Ele caminhou até mim, firme, sem hesitar.

— Ivy — disse, prendendo meu olhar —, este compromisso foi feito antes mesmo de sabermos o que a vida nos reservaria. Mas, diante de todos aqui, eu assumo. Não apenas pelo acordo dos nossos avôs, mas porque eu quero.

As lágrimas escorreram silenciosas no meu rosto. Minha voz mal saiu, trêmula:

— Sim.

O anel deslizou pelo meu dedo, e naquele instante, no dia do meu aniversário de vinte e um anos, tornei-me oficialmente noiva de Leon Clifford.

E a “feia” que o mundo desprezava morreu para sempre naquela noite.

O juiz ajeitou os óculos e continuou lendo o documento que mudaria para sempre o rumo da minha vida:

— O casamento deverá ocorrer dentro de dois meses a partir da data de hoje. Antes de um ano, um herdeiro deverá ser gerado. Com o casamento, cinquenta por cento do fundo fiduciário será liberado. Com o nascimento do herdeiro, os outros cinquenta por cento.

Um murmúrio pesado percorreu o salão. Eu sentia cada olhar queimando sobre mim.

E, como sempre, Lilibet não soube se calar.

— Isso é um absurdo! — ela gritou, batendo os pés. — Ele é lindo, e ela é… ela é horrorosa!
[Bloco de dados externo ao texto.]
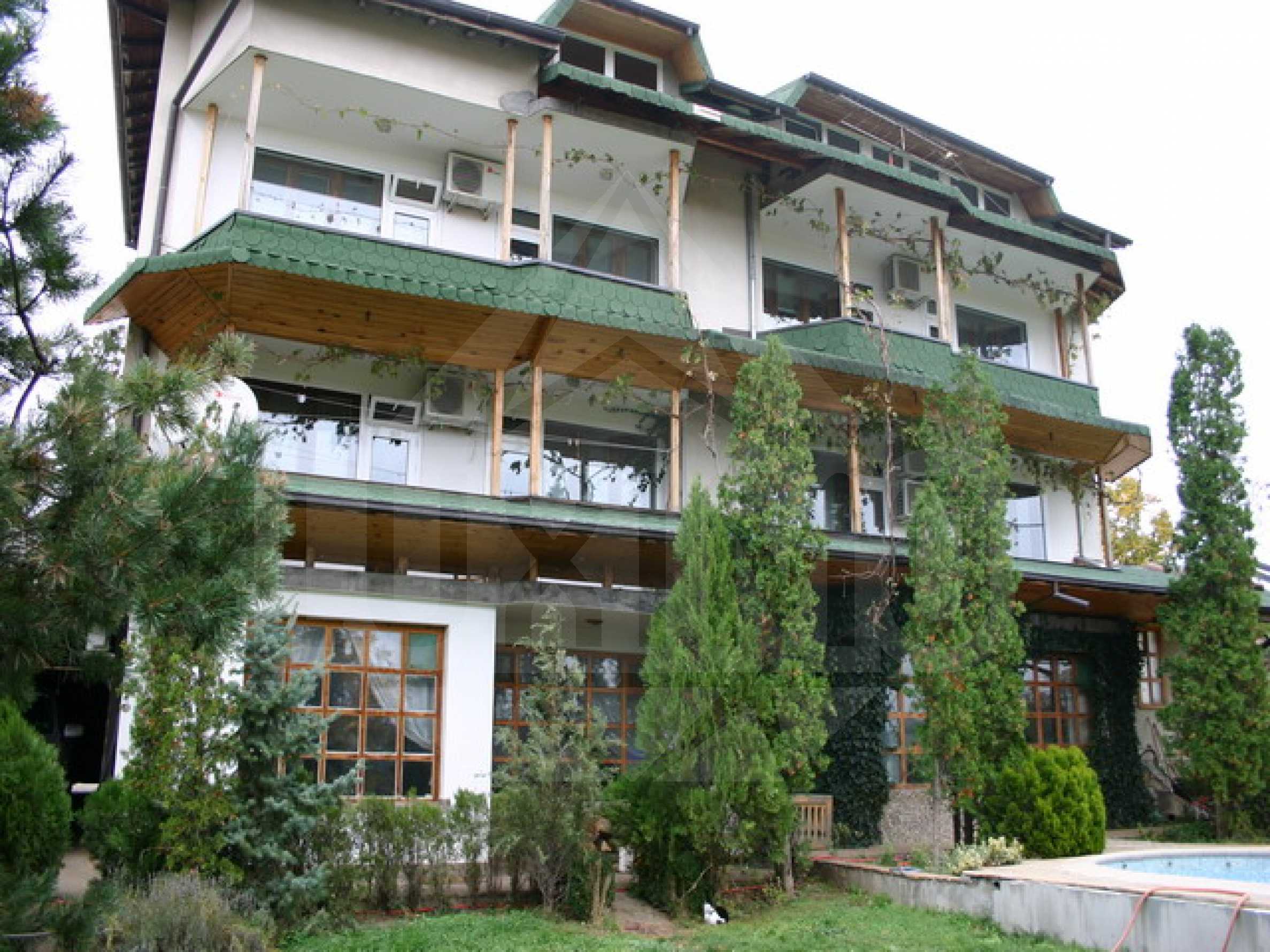 The yard is terraced, with total size of 1400 sq. m. and in it you can will find an outdoor heated pool with a volume of 95 cubic meters, length 10.5 m and a width of 4.5 m. With an installation of 4 solar panels, fruit trees, stone flooring on concrete slabs in the form of paths.

Como pode ser obrigada a se casar com ele? Isso devia ser meu, tudo devia ser meu!

Todos prenderam a respiração. Meu pai se levantou de súbito, o rosto vermelho, a mão sobre o peito.

— Lilibet, pare com isso! — ele ordenou, a voz trêmula. — Comporte-se, pelo amor de Deus!
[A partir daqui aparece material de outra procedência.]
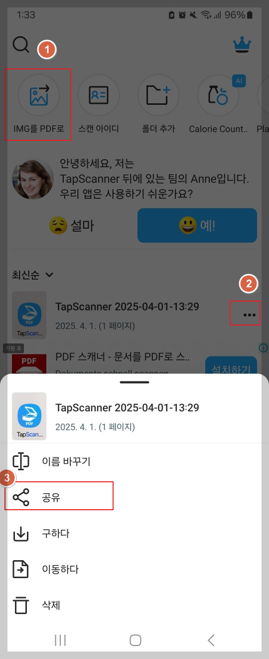 4. 만들어진 PDF 오른쪽에 " ... " 를 선택하여 공유하면 됩니다.
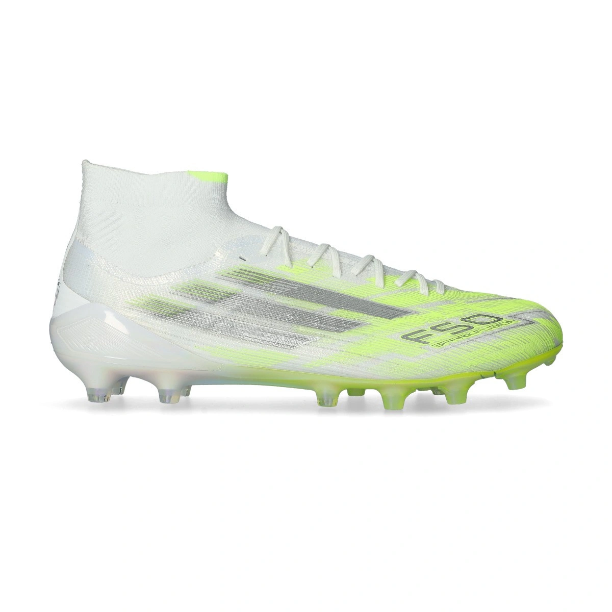Il chassis delle nuove F50 è pensato per essere stabile durante le azioni ad alta velocità ottenendo un involucro più leggero della X. Upper prodotta col materiale sintetico Fibertouch che assicura un sostegno perfetto del piede alla scarpa, oltre al PrimeKnit sulla zona del collo del piede per evitare qualsiasi possibile distrazione.

Mas ela continuou, sem se importar com nada.

— Eu é que devia ser a noiva! Eu, não ela!

O escândalo ecoava pelo salão, e então aconteceu. Diante de todos, meu pai levou a mão ao peito outra vez, cambaleou e caiu. O silêncio foi quebrado por gritos.

— Papai! — corri até ele, ajoelhando-me ao seu lado.

Mas já era tarde. O olhar dele se apagava diante de mim.

Naquele dia que deveria ser o mais feliz da minha vida, em que eu finalmente era reconhecida como herdeira legítima e noiva de Leon, meu pai morreu diante de todos.

Meu coração se partiu em pedaços. A dor do luto e o peso do amor recém-nascido se misturaram em mim de uma forma cruel.

E no fundo da minha alma, uma certeza queimava: minha meia-irmã matou o meu pai de desgosto.